Sunday, May 10, 2026

Last 24 Hours

Iran Peace Framework Advances: US and Tehran Closing In on 14-Point Memo. The United States and Iran are now negotiating a one-page memorandum of understanding that would formally end the war and kick off 30 days of detailed negotiations covering Hormuz transit rights, a nuclear enrichment moratorium, and phased sanctions relief. It is the furthest the two sides have gotten since the 2026 conflict began. Tehran is insisting that nuclear discussions come only in a second phase, after the war is formally ended, a sequencing demand that could still derail the framework. "We've had very good talks over the last 24 hours, and it's very possible that we'll make a deal," Trump told Al Jazeera on Saturday. Possible is doing a lot of heavy lifting in that sentence, but the trajectory is real.
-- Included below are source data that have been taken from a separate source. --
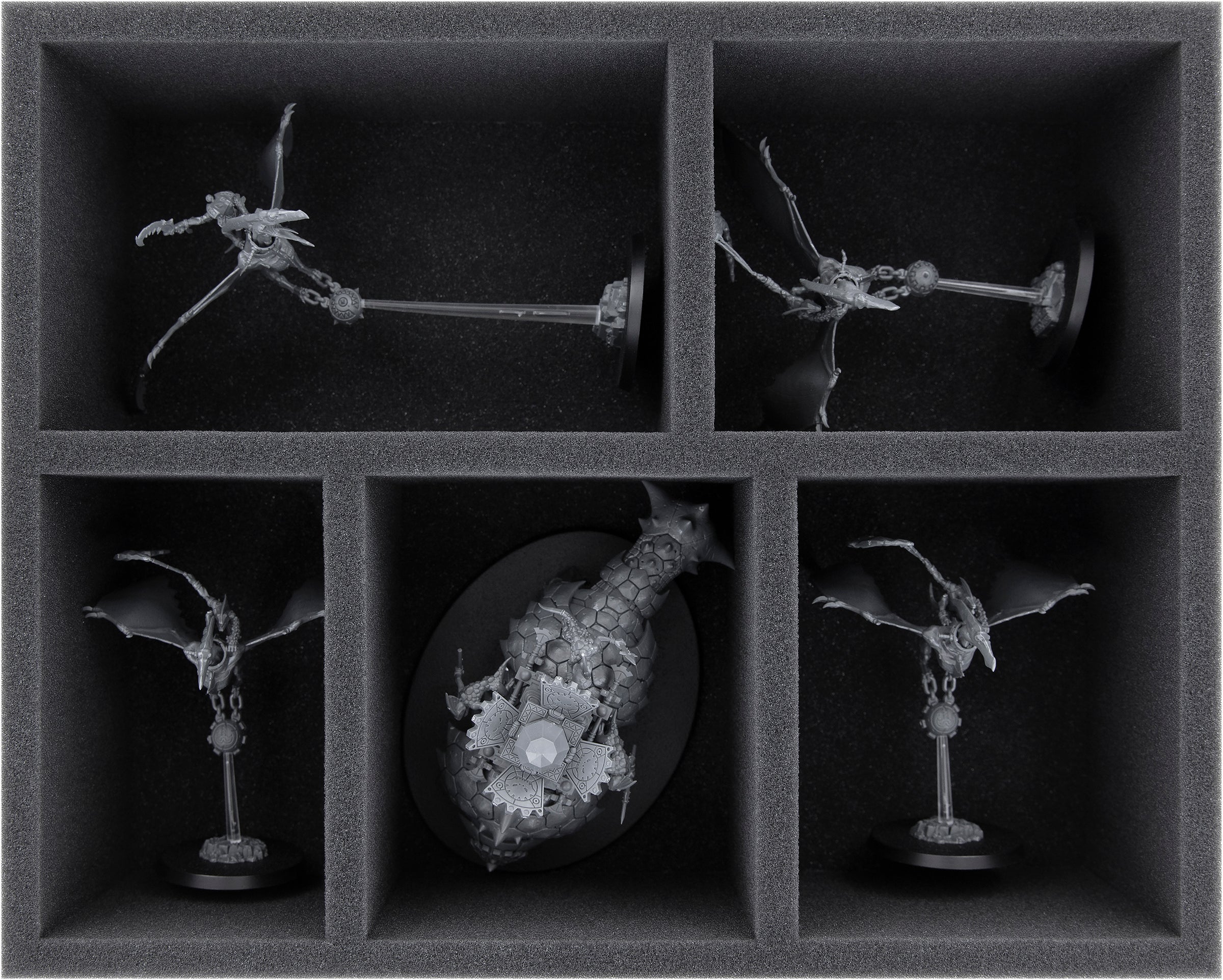 En esta bandeja de espuma Feldherr tienes espacio para hasta 5 miniaturas de tu ejército. El inserto es especialmente adecuado para almacenar los modelos compatibles con y de tamaño similar.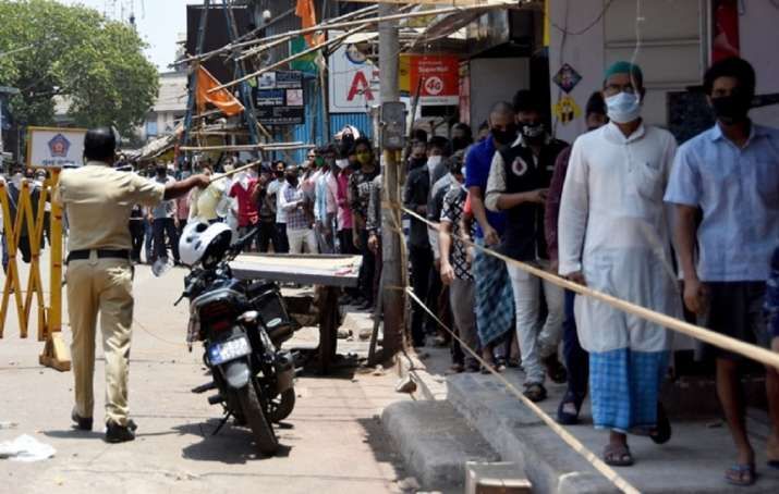 people formed bee-lines at the liquor shops and violated the social distancing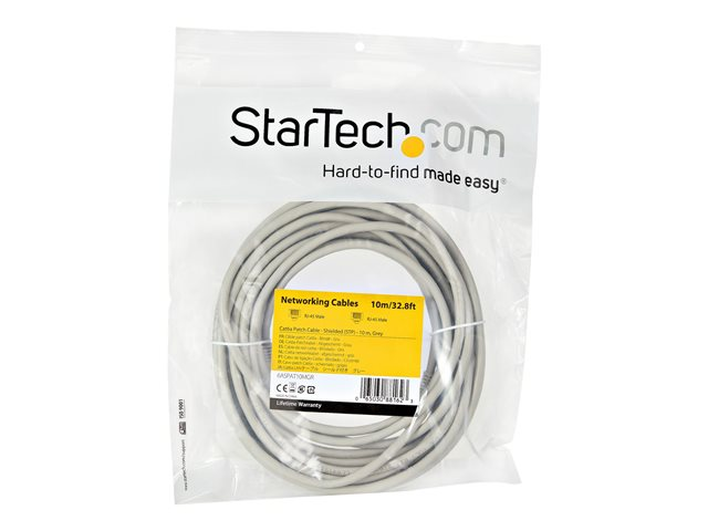 StarTech.com 10m CAT6A Ethernet Cable, 10 Gigabit Shielded Snagless RJ45 100W PoE Patch Cord, CAT 6A 10GbE STP Network Cable w/Strain Relief, Grey, Fluke Tested/UL Certified Wiring/TIA - Category 6A - 26AWG (6ASPAT10MGR) - Cordon de raccordement - RJ-45 (M) pour RJ-45 (M) - 10 m - STP - CAT 6a - moulé, sans crochet - gris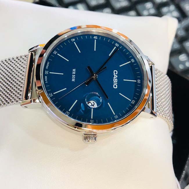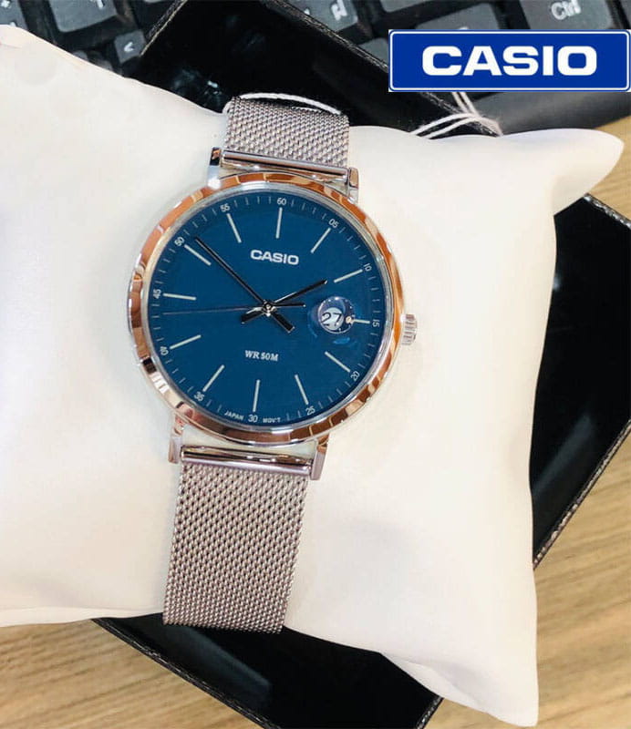 Японские мужские наручные часы Casio Collection MTP-E175M-2E с минеральным стекломМинеральное стеклоМинеральное стекло представляет собой искусственно выращенный минерал кварца. Такое стекло отличается особой устойчивостью к повреждениям и царапинам. Уступает по некоторым качествам сапфировому стеклу., кварцевый механизм с высокой точностью. Окошко даты с увеличительным стеклом. Класс водозащиты: 50 метров, позволит защитить корпус от случайных брызг или капель дождя. Корпус часов изготовлен из стали, серебристого цвета.Стальной браслет на раскладной застёжкеРаскладная застёжкаТакой тип застёжки используется только на браслетах из металла. Она никогда не раскрывается полностью, происходит разделение на 2 и более частей. Раскладывающая застёжка снизит вероятность потери часов к минимуму..
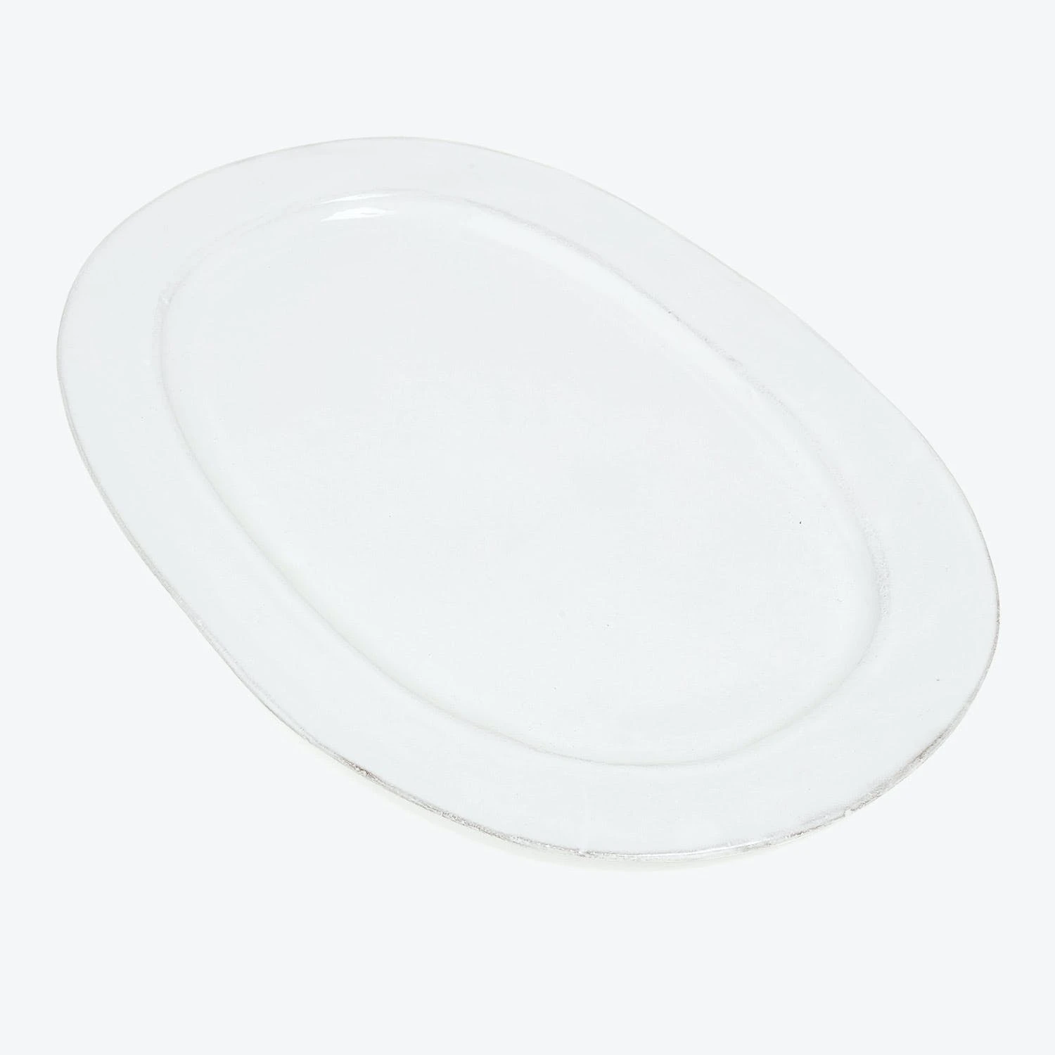 Rich in tradition and romantically bohemian, this hand-molded black terracotta platter highlights the unique. Inspired by 18th-century ceramics, each handmade piece is one-of-a-kind and crafted with generations old techniques. A milky white glaze is draped across the clay, ensuring that the delicate beauty unites with everyday practicality.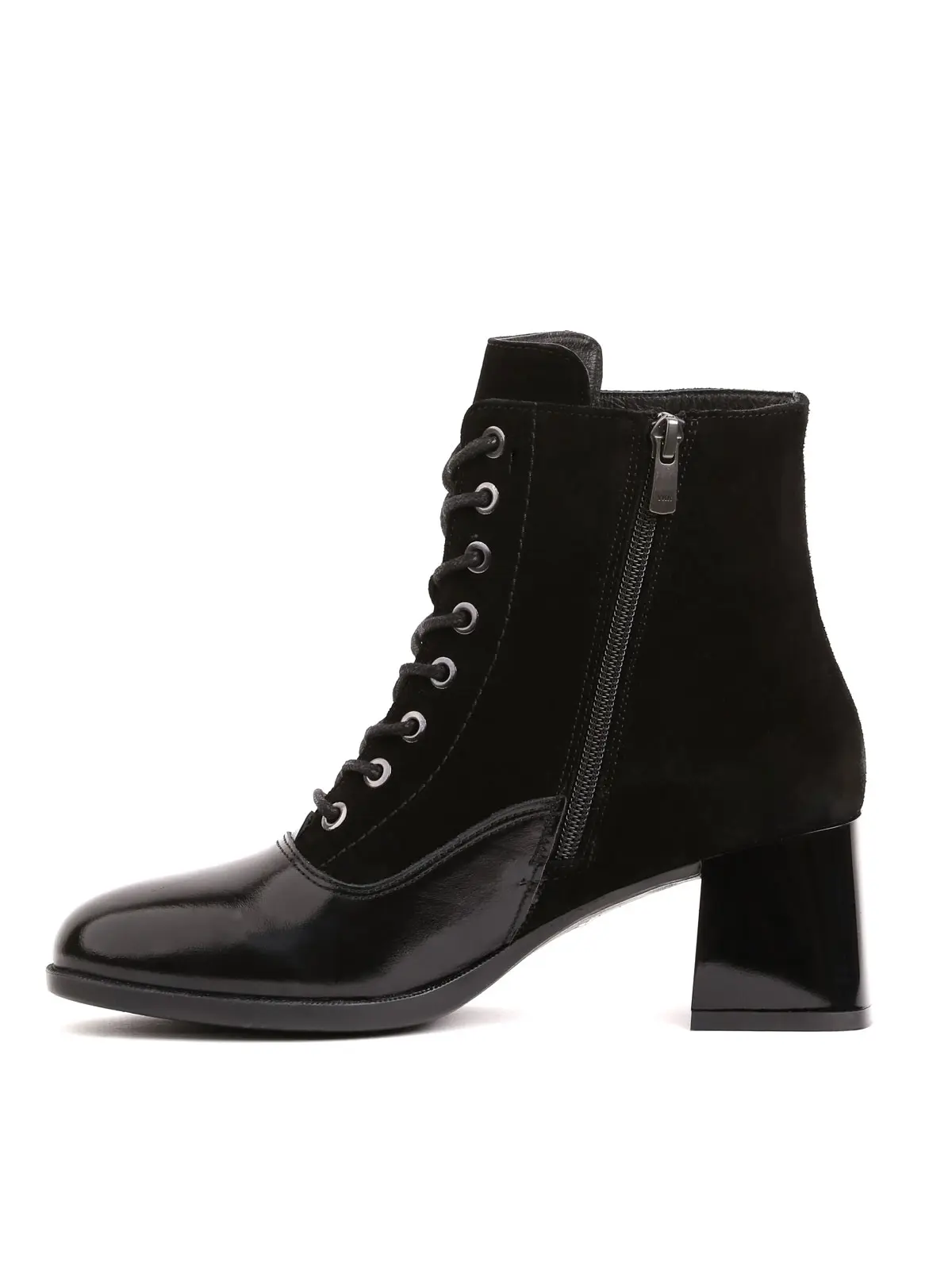 Siyah Hakiki Deri ve Süet Kombinasyonlu, Rugan Burun Detaylı Bağcıklı Kadın Botu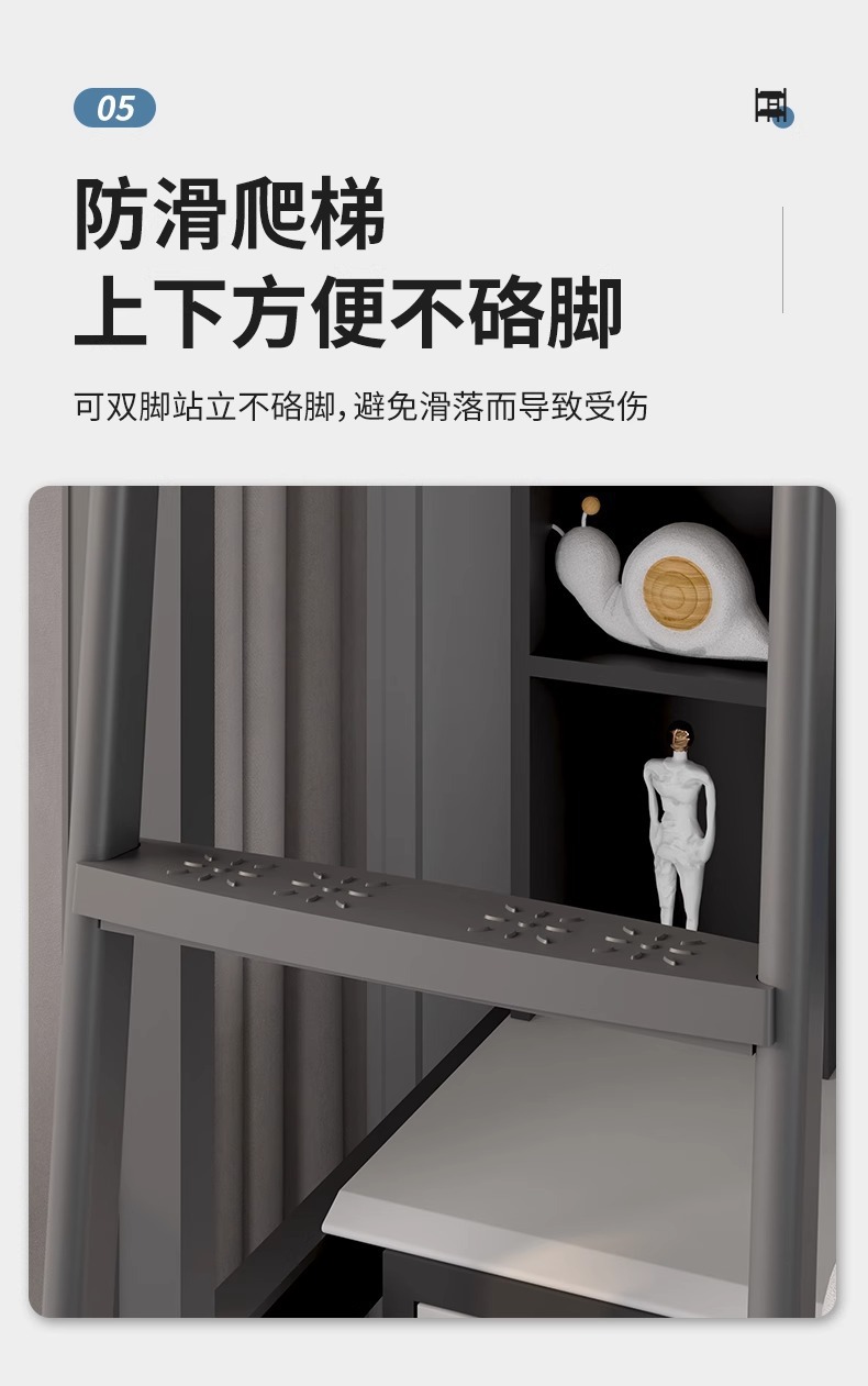 • 흰색 침대 프레임 이중 사다리 - 철제 콤비네이션 캐비닛 [다층 침대 보드 포함]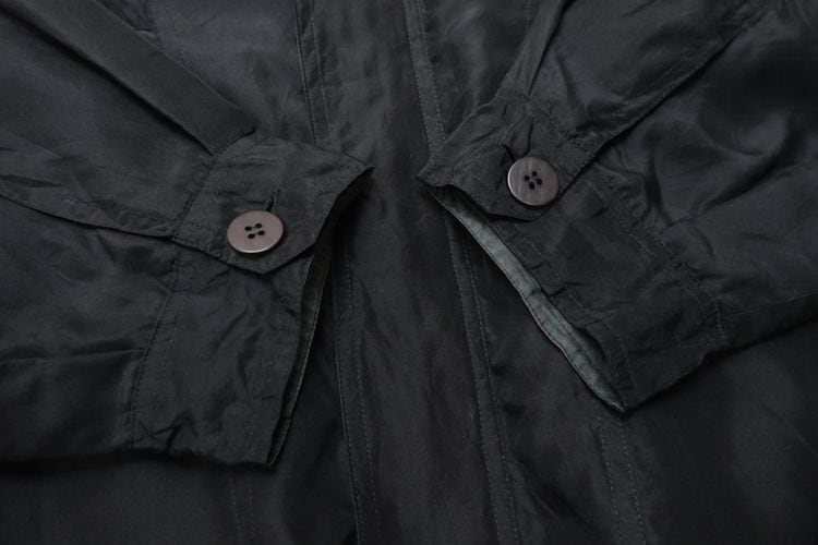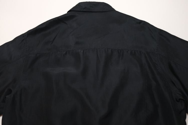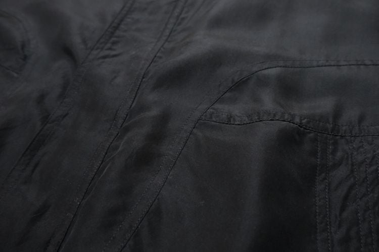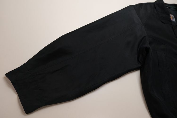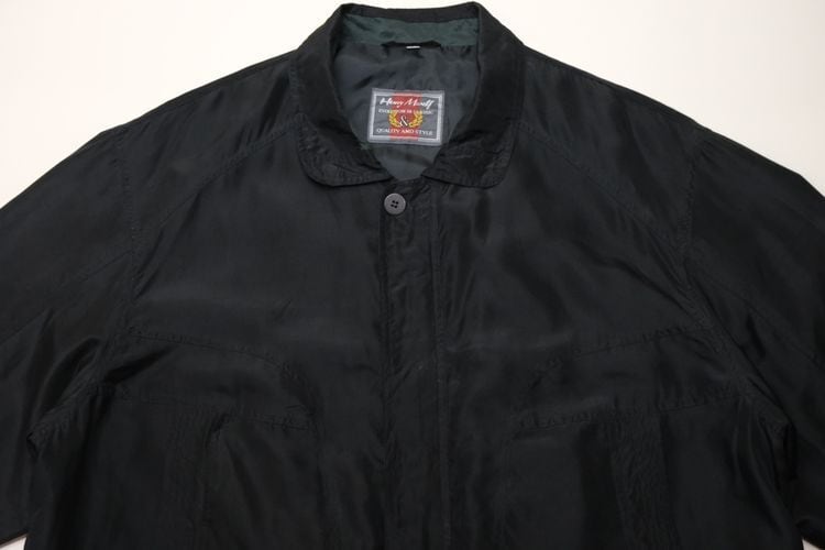 ドイツのカジュアル・ウェア・ブランド"HENRY MOREY"から80年代頃と思われるジャケット。しなやかで程よい光沢のある100%シルクを使用し、ほんのりとアッシュ掛かった単色ブラックの色味がスマートな雰囲気のアイテムです。オフショルダーと広いアームホールによるざっくりとしたサイジング、ボタン×ジップアップ・フロント、大きなスラッシュ・ポケット、襟や胸で切り替えたパターン、そして袖口まで張られたポリエステルのライニングによる袖通しの良さも魅力となっています。着用の上で問題となるダメージや汚れはございませんが、全体的に着用感のあるUSEDコンディションですのでご理解の上ご検討ください。幅広いコーディネートにさらっと合わせるだけでルーズなゆるい雰囲気が演出でき、軽量でありながらもシルクは繊維と繊維の間に細かな空気の層が多くあるため着心地の温かさも魅力となっています。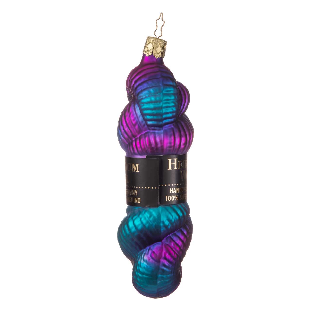 The glass figurine is shaped like a carefully coiled skein of wool, finished with a black banderole label for an authentic look. There is a choice of different colors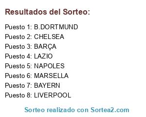 Lista de participantes: LIVERPOOL, LAZIO, CHELSEA, BARÇA, NAPOLES, MARSELLA, BAYERN, B.DORTMUND.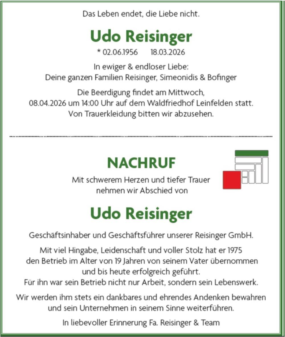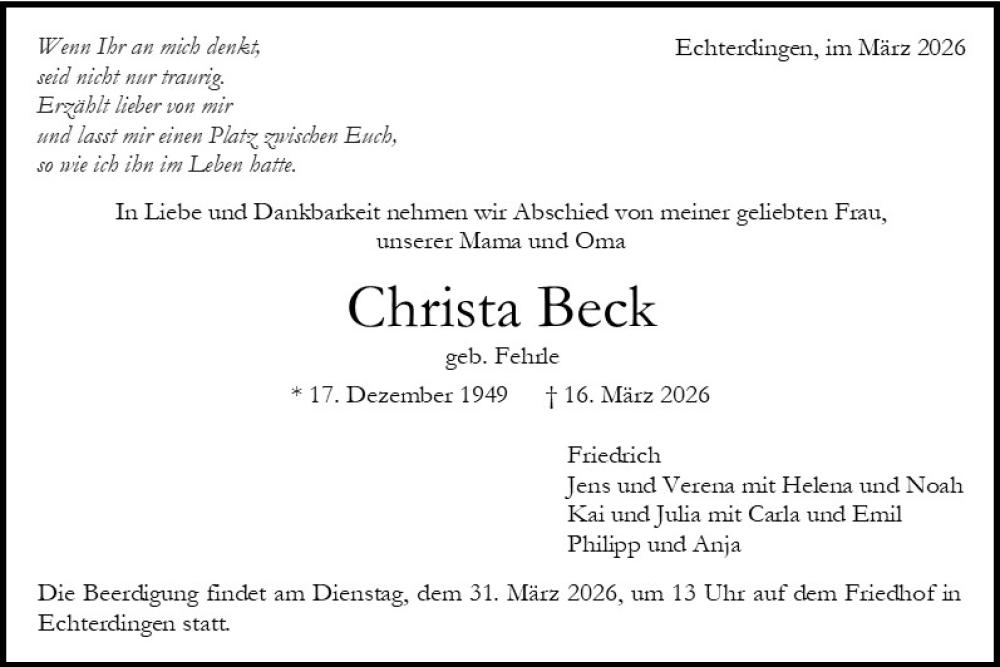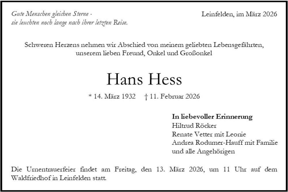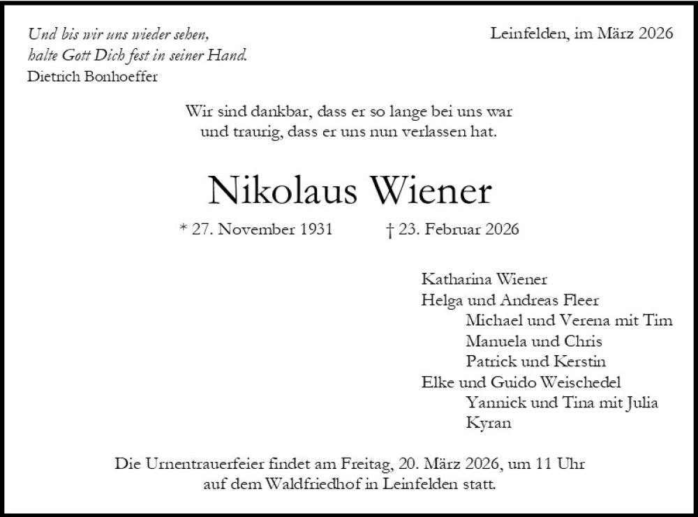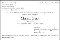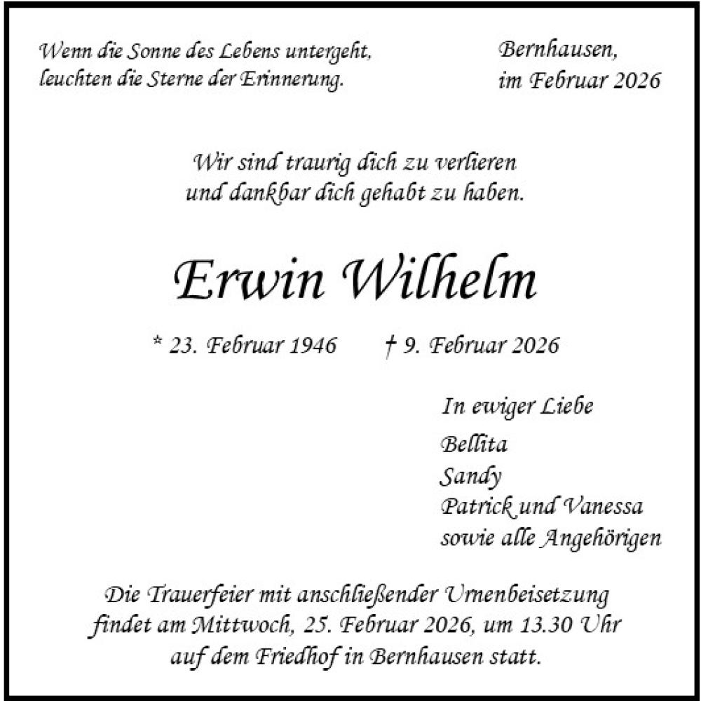 Bestattungstermin: 26.2.2026 um: 13.30 Uhr

US Forces Strike Two Iranian Ships Near Hormuz Even as Conditional Ceasefire Holds. While diplomats negotiate a peace framework, the military picture remains volatile. The Washington Post reported Thursday that US forces struck two Iranian-flagged ships near the Strait of Hormuz, with both sides claiming the other fired first. The strait has been effectively closed to commercial shipping since late February. Oil markets are pricing in continued supply disruption, and how this week's peace talks resolve will determine whether global energy flows begin normalizing or stay constricted through summer.

First IEEPA Tariff Refund Payments Land This Week. Court of International Trade Judge Richard Eaton confirmed that the first tranche of tariff refund ACH payments will hit business bank accounts during the week of May 11. CBP's CAPE system has approved roughly 3% of claims so far, with $166 billion in total refunds flowing to importers and customs brokers. The money goes to businesses, not households. A CNBC CFO Council survey found that none of the CFOs planning to apply for refunds intend to pass the money directly to consumers. We will come back to what this means for your book of business later in the brief.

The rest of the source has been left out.